Local governments sometimes seek quick solutions to issues with homelessness, such as the nonnegotiable closure of Purple Cliffs, Kurtz said, and those solutions end up doing more harm than good.
Such solutions turn to “policing first approaches that criminalize homelessness,” she said. In turn, racial disparities are exacerbated and people are traumatized; they lose their belongings and ID’s and become disconnected from services. The end result is often more homelessness, not less of it.
Kurtz said the ACLU’s position on the Purple Cliffs closure and lack of action from the city is this: “This is wrong as a legal matter, it’s a terrible idea from a policy standpoint and it’s just completely cruel. Especially as we are just heading into winter.”
For some unhoused residents at Purple Cliffs, the homeless camp offered something they hadn’t found elsewhere: The sense of a tight-knit community.

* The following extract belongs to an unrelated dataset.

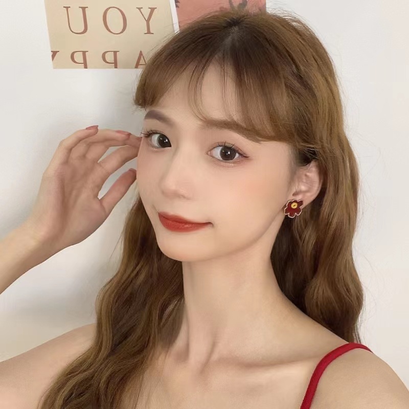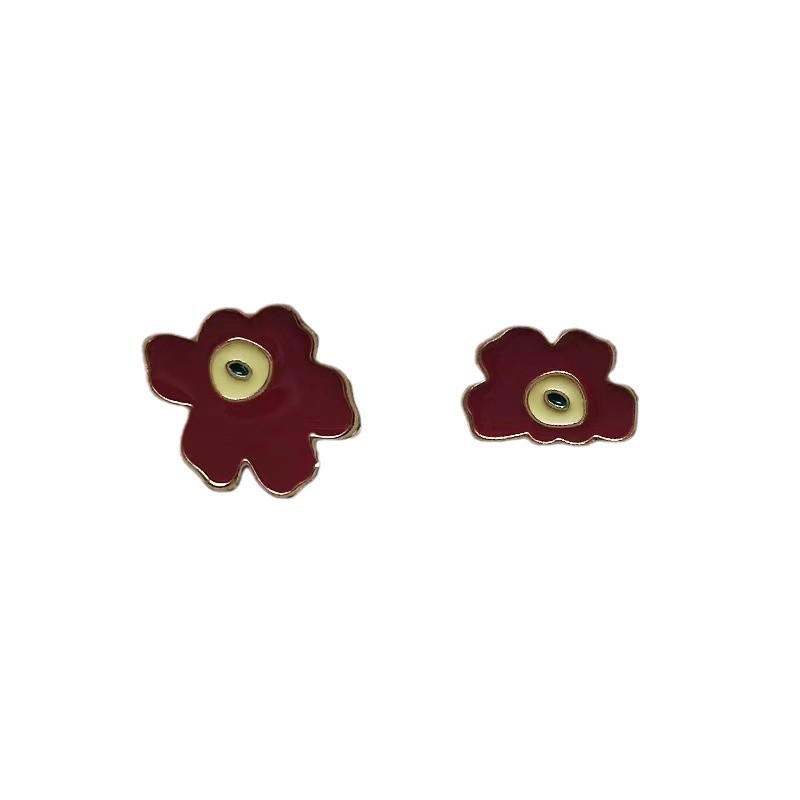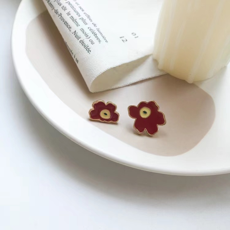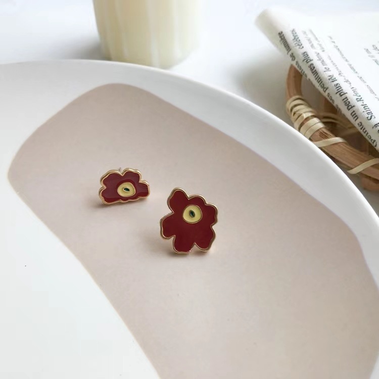 法式少女复古不对称花朵滴釉艺术感耳钉个性撞色气质红色小花耳环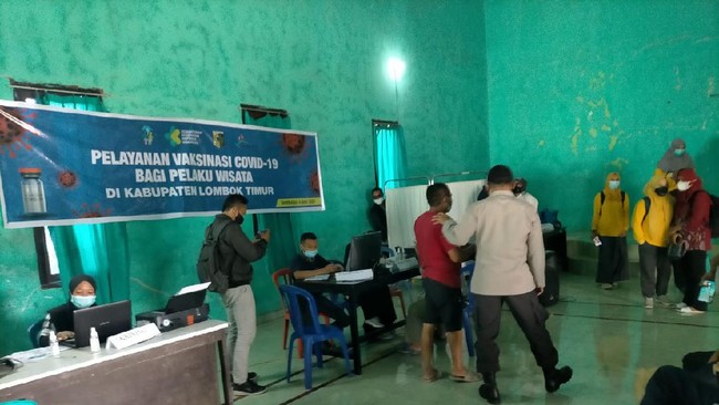 Para pelaku wisata di Kecamatan Sembalun, Kabupaten Lombok Timur, Nusa Tenggara Barat (NTB) mulai menerima vaksin. Vaksinasi dilakukan agar Kabupaten Sembalun bisa memperoleh status daerah green zone pariwisata.

Carney said people at the camp like to watch out for each other. The community doesn’t have a designated leader and so they take care of each other. Carney’s favorite thing to do is help people, or “do the heavy lifting,” he said.
On Friday morning, Van Voorhis was bandaging Carney’s right hand. He said he had smashed several fingers while helping a friend move boxes from the cliffside to a truck parked on La Posta Road. As Voorhis worked on his injured hand, Carney snacked on a bagel. He said the bagel was probably the only thing he’d eat that day.
“We like to help each other out. We watch out for one another,” he said.
Carney said he plans to keep in touch with the friends he made during his short stay at Purple Cliffs.
Brady said Purple Cliffs is “exemplary” compared with other camps across the country.
He said there was one incident in which a stranger, not a resident of the camp, brandished a gun at residents. The residents ended up disarming him.
“There’s a group of people up there that depend on each other now after a certain amount of time,” he said. “It’s just human nature.”
Brady said he understands sheriff’s deputies and law enforcement tasked with clearing out Purple Cliffs are just doing their jobs, but if residents’ rights are being violated and they have a leg to stand on, Brady will stand on it.
“At least tell us where we can go,” Cowan said.